■ INSTRUCTIONS FOR THE TASK:
Everything in the records below from the line containing "Créé par Pierre" through the line containing "宮古ブルーの海と白い砂浜。爽やかな笑顔が弾ける1枚" is to be reproduced exactly, those two lines included; no picture is to be copied.

■ RECORDS TO USE:
____________

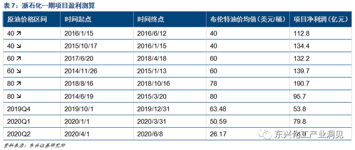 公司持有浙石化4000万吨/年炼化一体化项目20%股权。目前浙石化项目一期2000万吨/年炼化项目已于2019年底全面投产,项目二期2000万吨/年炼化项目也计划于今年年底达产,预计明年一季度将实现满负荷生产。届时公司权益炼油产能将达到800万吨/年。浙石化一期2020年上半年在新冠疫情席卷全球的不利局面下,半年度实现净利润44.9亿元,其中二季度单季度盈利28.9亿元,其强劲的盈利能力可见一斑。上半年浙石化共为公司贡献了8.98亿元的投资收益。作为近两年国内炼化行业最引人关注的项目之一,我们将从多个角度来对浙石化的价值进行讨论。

____________

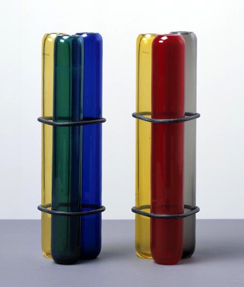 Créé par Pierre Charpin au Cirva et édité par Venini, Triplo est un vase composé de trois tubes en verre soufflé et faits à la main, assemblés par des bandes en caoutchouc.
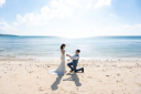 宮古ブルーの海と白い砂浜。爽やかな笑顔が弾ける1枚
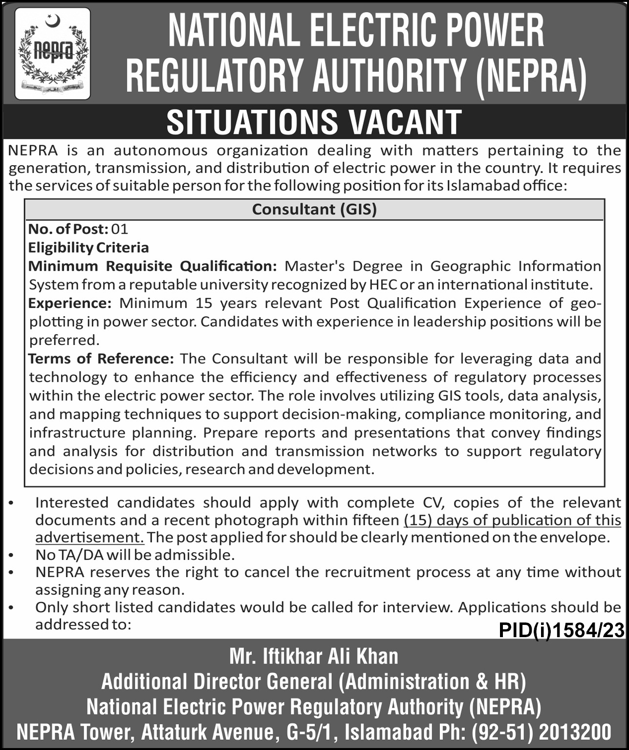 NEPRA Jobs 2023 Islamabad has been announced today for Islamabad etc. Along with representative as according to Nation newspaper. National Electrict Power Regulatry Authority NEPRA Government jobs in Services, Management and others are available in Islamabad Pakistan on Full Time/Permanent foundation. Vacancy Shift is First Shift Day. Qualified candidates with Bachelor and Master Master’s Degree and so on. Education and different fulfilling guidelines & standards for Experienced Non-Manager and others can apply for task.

____________

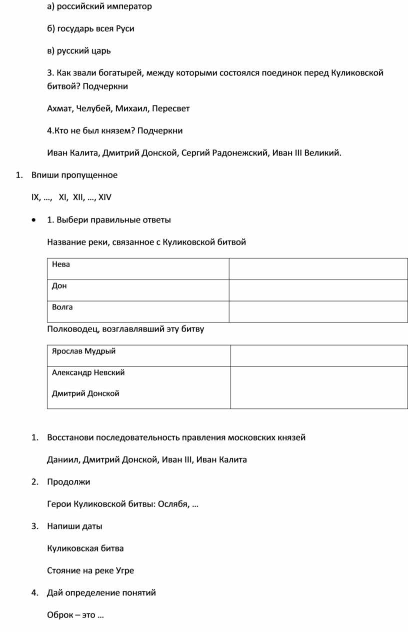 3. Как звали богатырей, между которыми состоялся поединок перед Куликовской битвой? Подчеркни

____________

■ EXERCISE SOLUTION:
 Créé par Pierre Charpin au Cirva et édité par Venini, Triplo est un vase composé de trois tubes en verre soufflé et faits à la main, assemblés par des bandes en caoutchouc.
 宮古ブルーの海と白い砂浜。爽やかな笑顔が弾ける1枚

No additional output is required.